In this study we examined changes in attention-deficit hyperactivity disorder behaviors and motor and vocal tics during withdrawal from long-term maintenance therapy with stimulant medication.


Subjects were 19 children with attention-deficit hyperactivity disorder and chronic tic disorder who had received methylphenidate (n = 17) or dextroamphetamine (n = 2) for a minimum of 1 year. Children were switched to placebo under double-blind conditions. Treatment effects were assessed by using direct observations of child behavior in a simulated (clinic-based) classroom and behavior rating scales completed by parents and clinician.


There was no change (group data) in the frequency or severity of motor tics or vocal tics during the placebo condition compared with maintenance dose of stimulant medication (ie, no evidence of tic exacerbation while receiving medication or of a withdrawal reaction). There was no evidence of tic exacerbation in the evening as a rebound effect.

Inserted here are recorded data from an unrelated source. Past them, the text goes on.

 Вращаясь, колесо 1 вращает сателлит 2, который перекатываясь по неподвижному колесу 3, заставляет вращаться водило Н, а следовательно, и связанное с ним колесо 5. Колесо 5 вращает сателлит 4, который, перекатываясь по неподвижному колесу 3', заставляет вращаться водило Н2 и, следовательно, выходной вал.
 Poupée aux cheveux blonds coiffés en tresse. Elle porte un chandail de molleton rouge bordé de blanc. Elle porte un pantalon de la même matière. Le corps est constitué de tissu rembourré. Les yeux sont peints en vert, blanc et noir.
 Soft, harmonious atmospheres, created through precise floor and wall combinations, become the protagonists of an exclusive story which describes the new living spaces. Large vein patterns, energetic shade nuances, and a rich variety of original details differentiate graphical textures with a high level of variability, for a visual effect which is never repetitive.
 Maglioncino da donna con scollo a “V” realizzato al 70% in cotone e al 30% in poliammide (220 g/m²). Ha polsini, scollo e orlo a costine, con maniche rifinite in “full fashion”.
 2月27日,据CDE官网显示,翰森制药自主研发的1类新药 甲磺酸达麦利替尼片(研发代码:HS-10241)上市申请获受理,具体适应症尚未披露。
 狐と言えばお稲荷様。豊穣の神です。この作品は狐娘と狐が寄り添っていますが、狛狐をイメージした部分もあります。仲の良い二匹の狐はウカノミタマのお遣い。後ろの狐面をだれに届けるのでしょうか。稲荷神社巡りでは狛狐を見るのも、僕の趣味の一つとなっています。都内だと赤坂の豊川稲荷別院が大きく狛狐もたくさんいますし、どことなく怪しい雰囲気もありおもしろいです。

Treatment with the maintenance dose was also associated with behavioral improvement in attention-deficit hyperactivity disorder behaviors, indicating continued efficacy.


Abrupt withdrawal of stimulant medication in children receiving long-term maintenance therapy does not appear to result in worsening of tic frequency or severity. Nevertheless, these findings do not preclude the possibility of drug withdrawal reactions in susceptible individuals.